Entries taken from a collection:
+---+

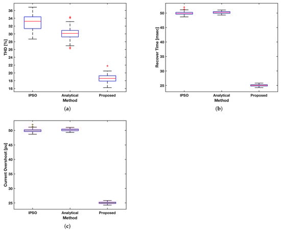 Variability in performance metrics. (a) THD. (b) Recovery time. (c) Current overshoot.
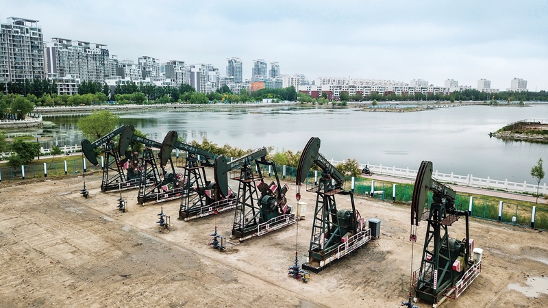 經(jīng)過半個多世紀艱苦創(chuàng)業(yè),大慶油田不僅扛起了“共和國加油機”的神圣職責,為保障國家能源安全作出巨大貢獻,而且著力打造了一座人與自然和諧相處、原油生產(chǎn)與環(huán)境保護相得益彰的“綠色油化之都”。圖為大慶油田叢式井坐落在市區(qū)燕都湖旁。 新華社記者 王建威/攝
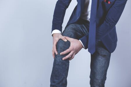 business man hand in ache knee on grey background
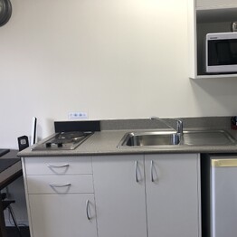 - Kitchenette with double hob, microwave and fridge
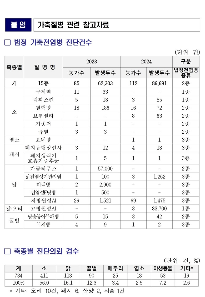 또한 닭은 폐사, 꿀벌은 중독과 폐사에 의한 의뢰가 주를 이루었다. 이와 같은 통계는 동물 질병 발생 동향을 파악하고, 효율적인 방역 대책 수립에 중요한 데이터로 활용된다.
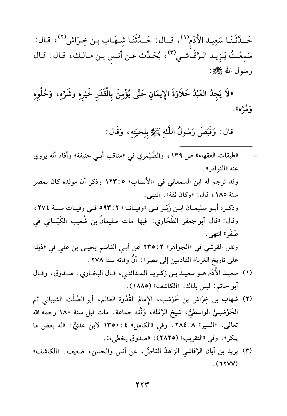 حَدَّثَنَا سَعِيدُ الأَدَمِ، قَالَ: حَدَّثَنَا شِهَابُ بْنُ خِرَاشٍ، قَالَ: سَمِعْتُ يَزِيدَ الرَّقَاشِيَّ، يُحَدِّثُ عَنْ أَنَسِ بْنِ مَالِكٍ، قال: قَالَ رَسُولُ اللَّهِ صَلَّى اللَّهُ عَلَيْهِ وَسَلَّمَ: «لا يَجِدُ الْعَبْدُ حَلَاوَةَ الإِيمَانِ، حَتَّى يُؤْمِنَ بِالْقَدَرِ خَيْرِهِ وَشَرِّهِ، وَحُلْوِهِ وَمُرِّهِ» .
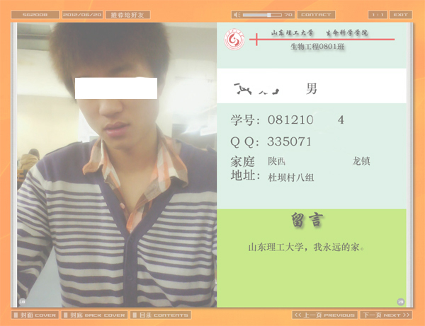 为营造“温情母校.温情学院”,生命科学学院在毕业季为所有毕业班级推出《毕业纪念册》。该纪念册通过电子杂志的形式,将全班同学的毕业感言、个人图片、联络方式等整合在一起,非常具有纪念意义。
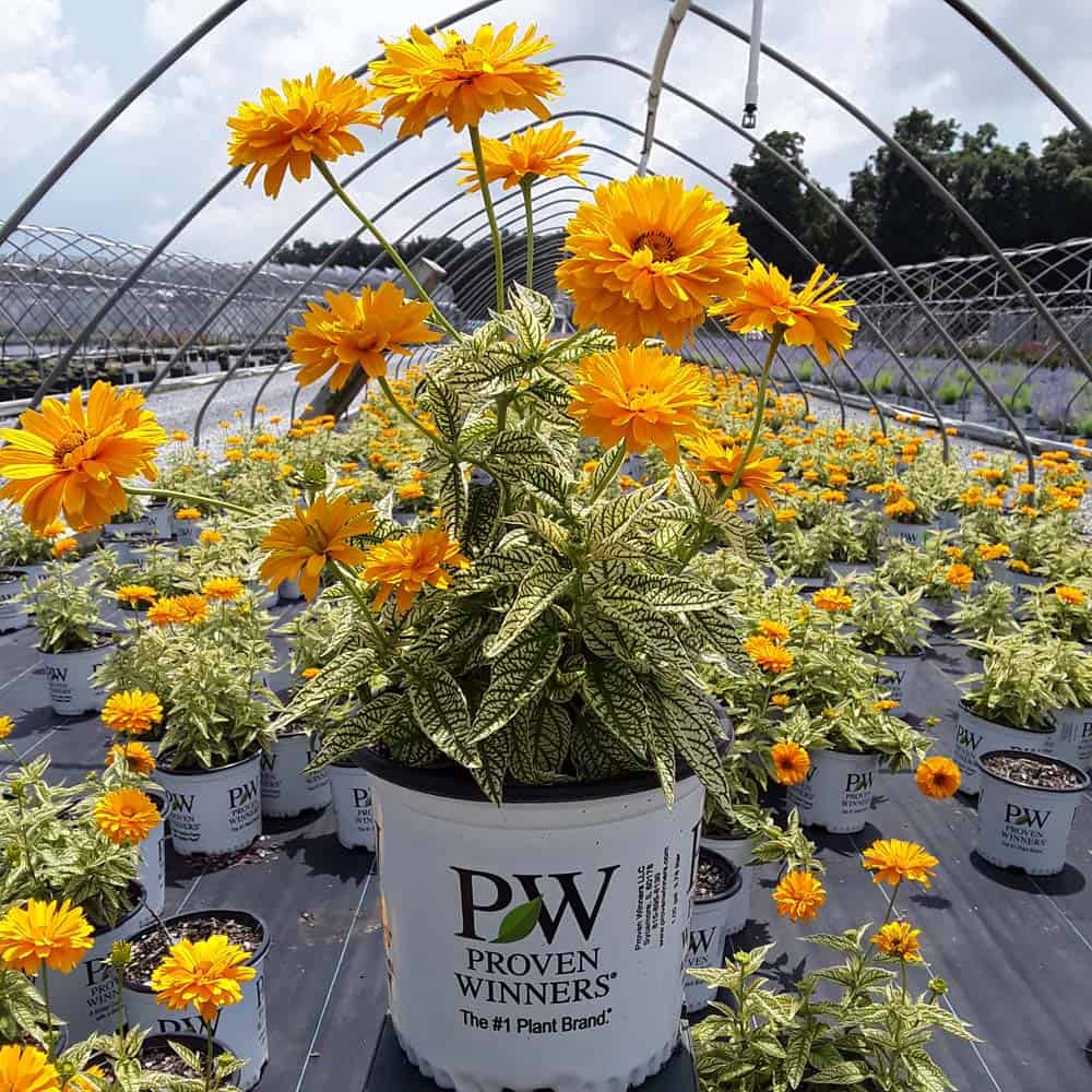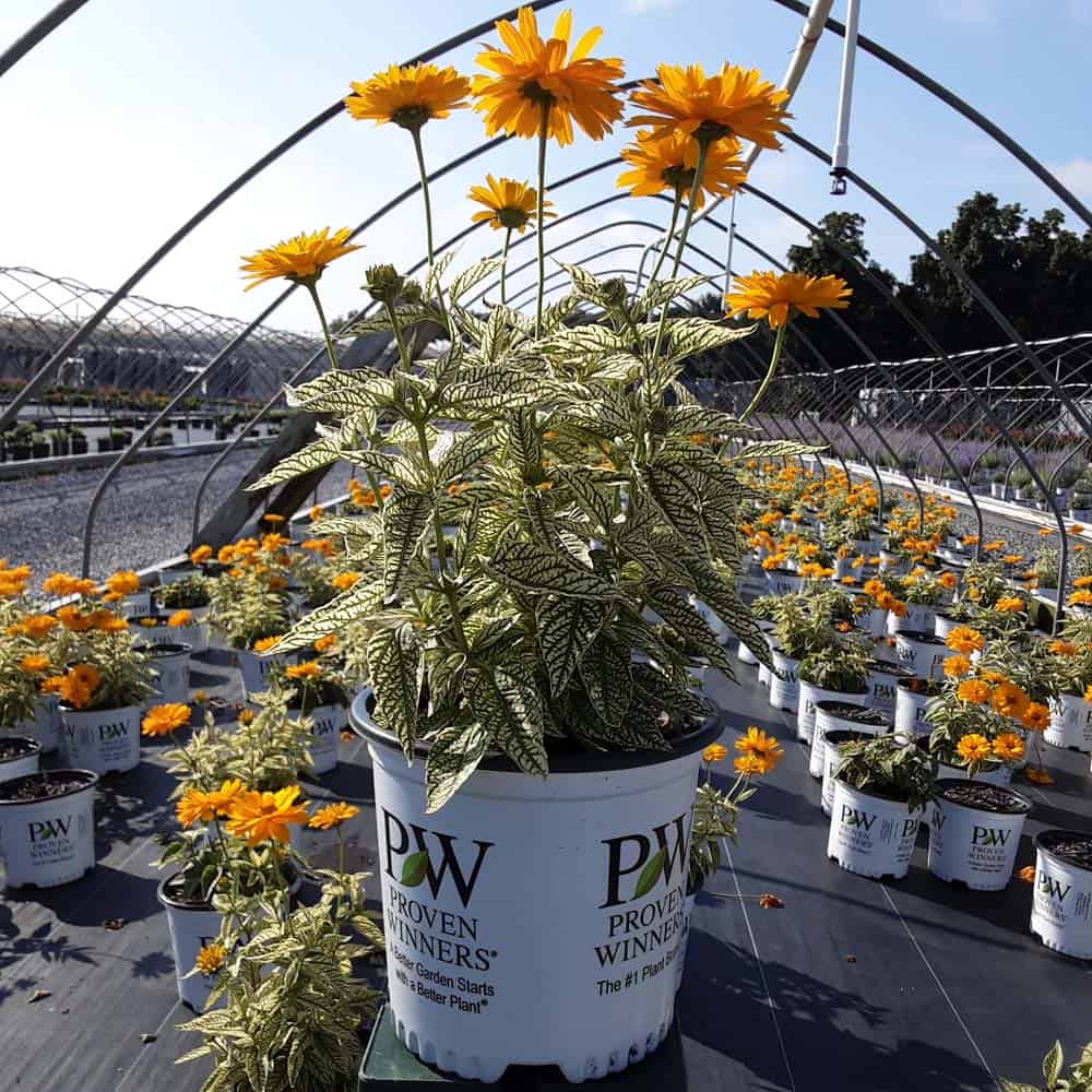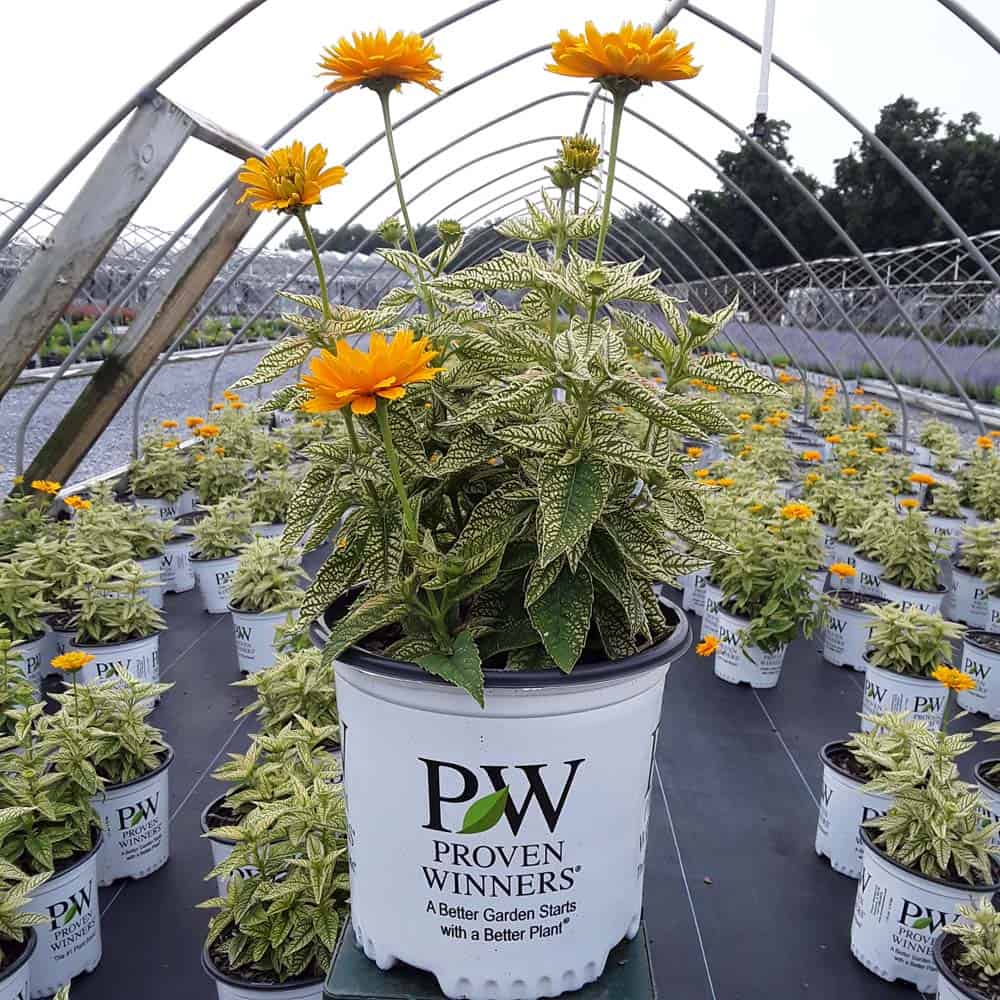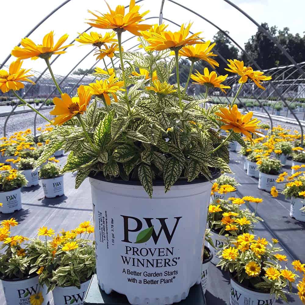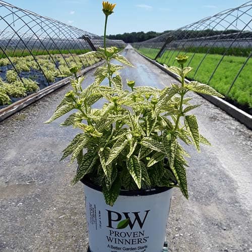 This North American Native heliopsis has variegated foliage and a low, dense habit. Its golden yellow flowers appear in mid-summer lasting to early fall. This is a hardy, easy-to-grow perennial that attracts butterflies and is great in container gardens or in front of mixed borders. [Heliopsis]

+---+

**TASK PROMPT:** Reproduce these records exactly, but not the pictures.

**WRITTEN SOLUTION:**
 Variability in performance metrics. (a) THD. (b) Recovery time. (c) Current overshoot.
 經(jīng)過半個多世紀艱苦創(chuàng)業(yè),大慶油田不僅扛起了“共和國加油機”的神圣職責,為保障國家能源安全作出巨大貢獻,而且著力打造了一座人與自然和諧相處、原油生產(chǎn)與環(huán)境保護相得益彰的“綠色油化之都”。圖為大慶油田叢式井坐落在市區(qū)燕都湖旁。 新華社記者 王建威/攝
 business man hand in ache knee on grey background
 - Kitchenette with double hob, microwave and fridge
 또한 닭은 폐사, 꿀벌은 중독과 폐사에 의한 의뢰가 주를 이루었다. 이와 같은 통계는 동물 질병 발생 동향을 파악하고, 효율적인 방역 대책 수립에 중요한 데이터로 활용된다.
 حَدَّثَنَا سَعِيدُ الأَدَمِ، قَالَ: حَدَّثَنَا شِهَابُ بْنُ خِرَاشٍ، قَالَ: سَمِعْتُ يَزِيدَ الرَّقَاشِيَّ، يُحَدِّثُ عَنْ أَنَسِ بْنِ مَالِكٍ، قال: قَالَ رَسُولُ اللَّهِ صَلَّى اللَّهُ عَلَيْهِ وَسَلَّمَ: «لا يَجِدُ الْعَبْدُ حَلَاوَةَ الإِيمَانِ، حَتَّى يُؤْمِنَ بِالْقَدَرِ خَيْرِهِ وَشَرِّهِ، وَحُلْوِهِ وَمُرِّهِ» .
 为营造“温情母校.温情学院”,生命科学学院在毕业季为所有毕业班级推出《毕业纪念册》。该纪念册通过电子杂志的形式,将全班同学的毕业感言、个人图片、联络方式等整合在一起,非常具有纪念意义。
 This North American Native heliopsis has variegated foliage and a low, dense habit. Its golden yellow flowers appear in mid-summer lasting to early fall. This is a hardy, easy-to-grow perennial that attracts butterflies and is great in container gardens or in front of mixed borders. [Heliopsis]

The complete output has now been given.